→ DATA EXTRACT:
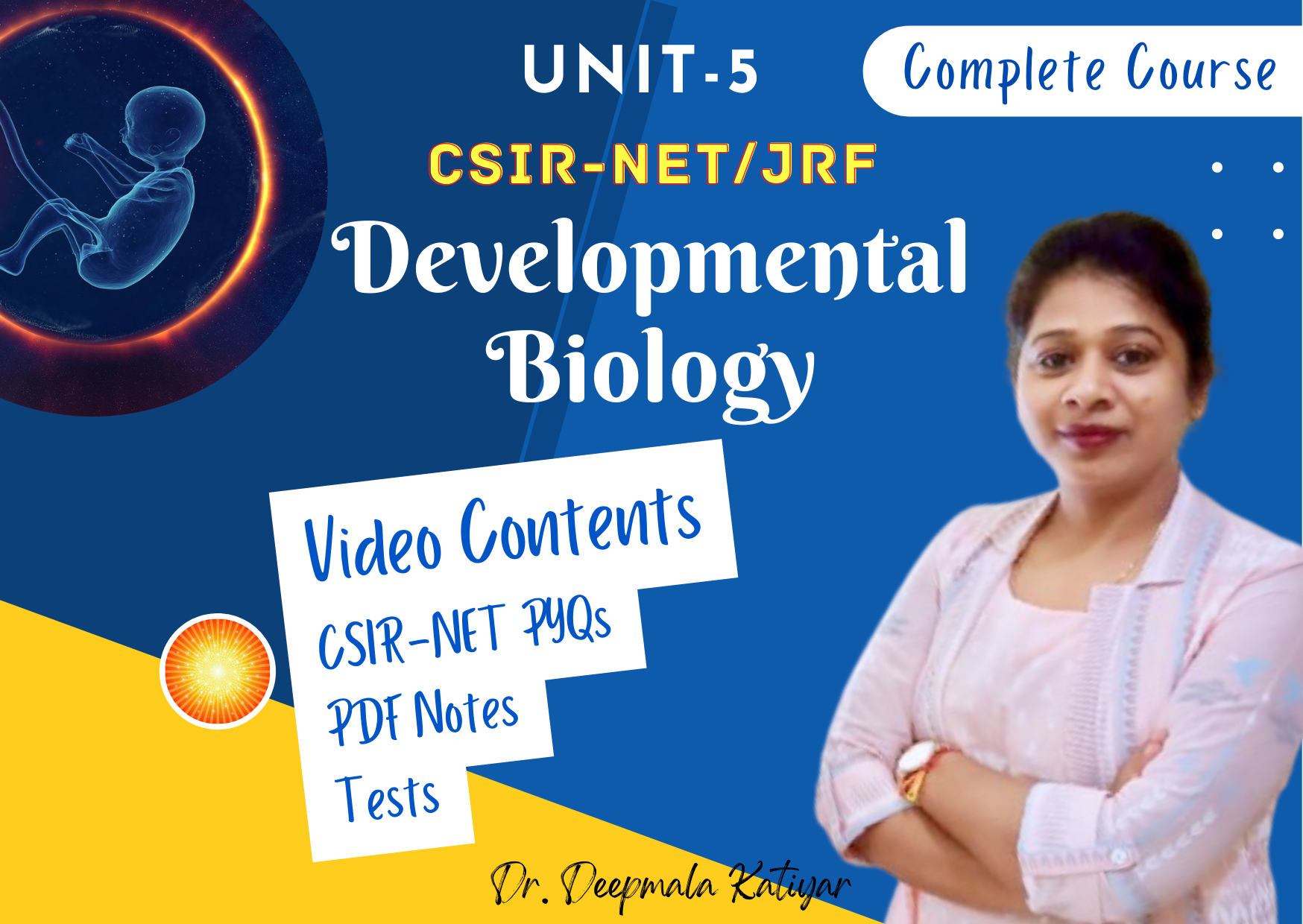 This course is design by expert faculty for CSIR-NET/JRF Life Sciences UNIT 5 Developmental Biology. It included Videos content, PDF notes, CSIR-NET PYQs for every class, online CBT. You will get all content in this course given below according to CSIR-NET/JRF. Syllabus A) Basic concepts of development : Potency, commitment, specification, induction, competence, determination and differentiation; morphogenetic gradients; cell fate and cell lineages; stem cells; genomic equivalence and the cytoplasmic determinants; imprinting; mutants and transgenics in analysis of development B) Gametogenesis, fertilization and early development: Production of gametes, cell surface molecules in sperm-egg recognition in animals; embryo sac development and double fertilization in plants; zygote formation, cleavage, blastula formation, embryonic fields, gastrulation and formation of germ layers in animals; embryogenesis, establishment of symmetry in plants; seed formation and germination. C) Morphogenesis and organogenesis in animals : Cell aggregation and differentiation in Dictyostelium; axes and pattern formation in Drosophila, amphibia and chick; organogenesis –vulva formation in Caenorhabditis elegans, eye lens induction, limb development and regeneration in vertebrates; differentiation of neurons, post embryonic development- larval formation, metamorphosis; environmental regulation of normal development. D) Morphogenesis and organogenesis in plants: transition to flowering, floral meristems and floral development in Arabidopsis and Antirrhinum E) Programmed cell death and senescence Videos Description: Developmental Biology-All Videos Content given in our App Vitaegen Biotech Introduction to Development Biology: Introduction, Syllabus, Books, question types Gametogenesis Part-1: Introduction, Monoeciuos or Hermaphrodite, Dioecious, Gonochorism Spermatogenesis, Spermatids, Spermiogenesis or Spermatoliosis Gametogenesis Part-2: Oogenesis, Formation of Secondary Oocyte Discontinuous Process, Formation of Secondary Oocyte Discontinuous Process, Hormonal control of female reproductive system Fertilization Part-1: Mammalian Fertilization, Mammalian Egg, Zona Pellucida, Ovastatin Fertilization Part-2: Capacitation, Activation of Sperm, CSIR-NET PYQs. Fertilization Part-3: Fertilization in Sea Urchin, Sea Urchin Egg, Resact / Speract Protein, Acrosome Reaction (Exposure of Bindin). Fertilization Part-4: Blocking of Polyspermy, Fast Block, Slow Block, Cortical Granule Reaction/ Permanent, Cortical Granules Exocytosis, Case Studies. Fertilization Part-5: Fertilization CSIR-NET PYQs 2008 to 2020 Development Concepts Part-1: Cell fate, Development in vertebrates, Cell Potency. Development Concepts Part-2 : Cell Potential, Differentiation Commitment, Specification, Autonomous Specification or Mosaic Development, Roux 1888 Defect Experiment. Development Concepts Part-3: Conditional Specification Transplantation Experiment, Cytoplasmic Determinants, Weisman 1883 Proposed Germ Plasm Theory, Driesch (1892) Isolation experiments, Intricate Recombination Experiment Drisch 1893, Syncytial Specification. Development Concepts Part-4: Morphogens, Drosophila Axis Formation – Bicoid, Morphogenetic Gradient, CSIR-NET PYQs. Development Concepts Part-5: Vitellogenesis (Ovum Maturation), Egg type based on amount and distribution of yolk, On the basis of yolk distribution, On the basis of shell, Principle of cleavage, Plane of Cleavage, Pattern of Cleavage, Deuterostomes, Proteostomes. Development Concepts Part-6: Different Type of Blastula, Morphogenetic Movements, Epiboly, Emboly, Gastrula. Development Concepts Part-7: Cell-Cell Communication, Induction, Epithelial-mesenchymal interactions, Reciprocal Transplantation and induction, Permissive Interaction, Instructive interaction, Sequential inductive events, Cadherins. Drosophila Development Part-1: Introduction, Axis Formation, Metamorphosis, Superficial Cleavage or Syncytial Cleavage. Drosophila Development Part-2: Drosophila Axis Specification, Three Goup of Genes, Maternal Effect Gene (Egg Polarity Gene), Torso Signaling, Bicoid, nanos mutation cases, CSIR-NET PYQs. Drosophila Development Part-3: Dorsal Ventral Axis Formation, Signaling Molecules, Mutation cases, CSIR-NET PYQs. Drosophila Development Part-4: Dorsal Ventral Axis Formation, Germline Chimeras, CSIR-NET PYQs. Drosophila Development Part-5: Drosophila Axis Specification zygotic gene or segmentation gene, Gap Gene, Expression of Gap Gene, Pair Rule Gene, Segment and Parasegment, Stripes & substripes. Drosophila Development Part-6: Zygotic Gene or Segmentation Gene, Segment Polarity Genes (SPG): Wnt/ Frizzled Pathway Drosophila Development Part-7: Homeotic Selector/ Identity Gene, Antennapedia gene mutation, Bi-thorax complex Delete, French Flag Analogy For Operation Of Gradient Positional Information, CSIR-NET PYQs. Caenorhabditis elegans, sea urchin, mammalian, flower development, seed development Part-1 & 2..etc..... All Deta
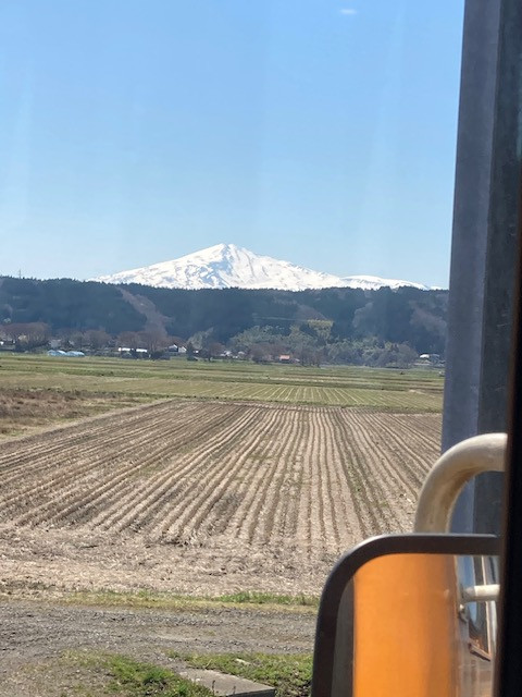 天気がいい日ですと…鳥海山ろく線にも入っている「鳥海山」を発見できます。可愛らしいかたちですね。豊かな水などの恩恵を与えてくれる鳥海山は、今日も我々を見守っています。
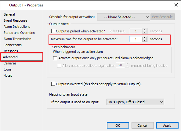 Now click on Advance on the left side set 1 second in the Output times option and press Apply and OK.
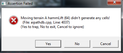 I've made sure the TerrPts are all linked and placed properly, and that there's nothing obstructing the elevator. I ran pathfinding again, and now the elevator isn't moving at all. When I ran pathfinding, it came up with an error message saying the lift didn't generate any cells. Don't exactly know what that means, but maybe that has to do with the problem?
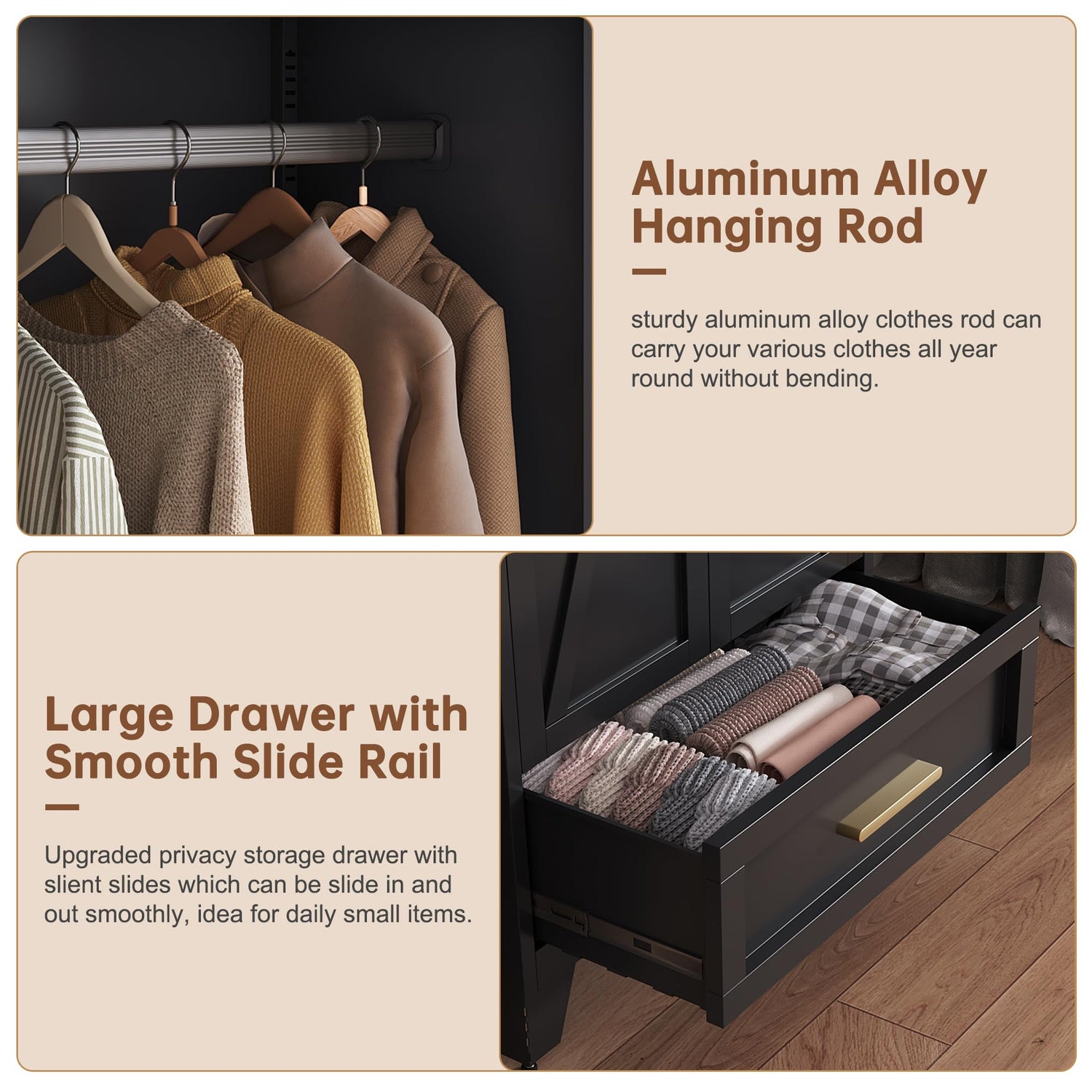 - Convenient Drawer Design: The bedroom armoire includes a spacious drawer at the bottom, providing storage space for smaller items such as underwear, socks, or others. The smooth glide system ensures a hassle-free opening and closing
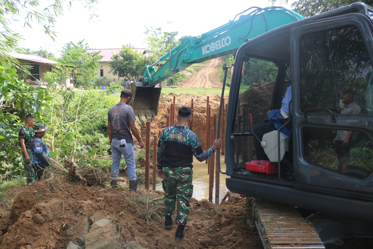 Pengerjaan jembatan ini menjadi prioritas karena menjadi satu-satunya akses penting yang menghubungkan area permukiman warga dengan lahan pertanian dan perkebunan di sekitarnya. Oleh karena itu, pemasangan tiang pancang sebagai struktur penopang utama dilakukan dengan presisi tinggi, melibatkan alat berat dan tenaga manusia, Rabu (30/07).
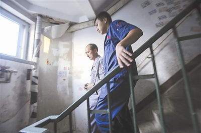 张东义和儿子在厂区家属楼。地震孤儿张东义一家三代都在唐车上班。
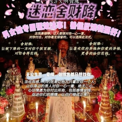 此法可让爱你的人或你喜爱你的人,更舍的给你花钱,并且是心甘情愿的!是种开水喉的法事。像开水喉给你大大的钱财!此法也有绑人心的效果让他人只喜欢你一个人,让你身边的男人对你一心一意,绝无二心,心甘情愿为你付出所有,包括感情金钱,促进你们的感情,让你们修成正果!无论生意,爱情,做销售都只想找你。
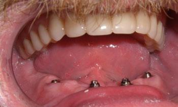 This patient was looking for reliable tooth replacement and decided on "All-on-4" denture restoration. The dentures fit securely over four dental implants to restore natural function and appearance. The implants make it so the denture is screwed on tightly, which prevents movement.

→ PROBLEM DETAILS: Please repeat the lines of the material above exactly, starting with the line that contains "Pengerjaan jembatan ini" and ending with the line that contains "此法可让爱你的人或你喜爱你的". Leave the pictures out.

→ REPLY TO THE TASK:
 Pengerjaan jembatan ini menjadi prioritas karena menjadi satu-satunya akses penting yang menghubungkan area permukiman warga dengan lahan pertanian dan perkebunan di sekitarnya. Oleh karena itu, pemasangan tiang pancang sebagai struktur penopang utama dilakukan dengan presisi tinggi, melibatkan alat berat dan tenaga manusia, Rabu (30/07).
 张东义和儿子在厂区家属楼。地震孤儿张东义一家三代都在唐车上班。
 此法可让爱你的人或你喜爱你的人,更舍的给你花钱,并且是心甘情愿的!是种开水喉的法事。像开水喉给你大大的钱财!此法也有绑人心的效果让他人只喜欢你一个人,让你身边的男人对你一心一意,绝无二心,心甘情愿为你付出所有,包括感情金钱,促进你们的感情,让你们修成正果!无论生意,爱情,做销售都只想找你。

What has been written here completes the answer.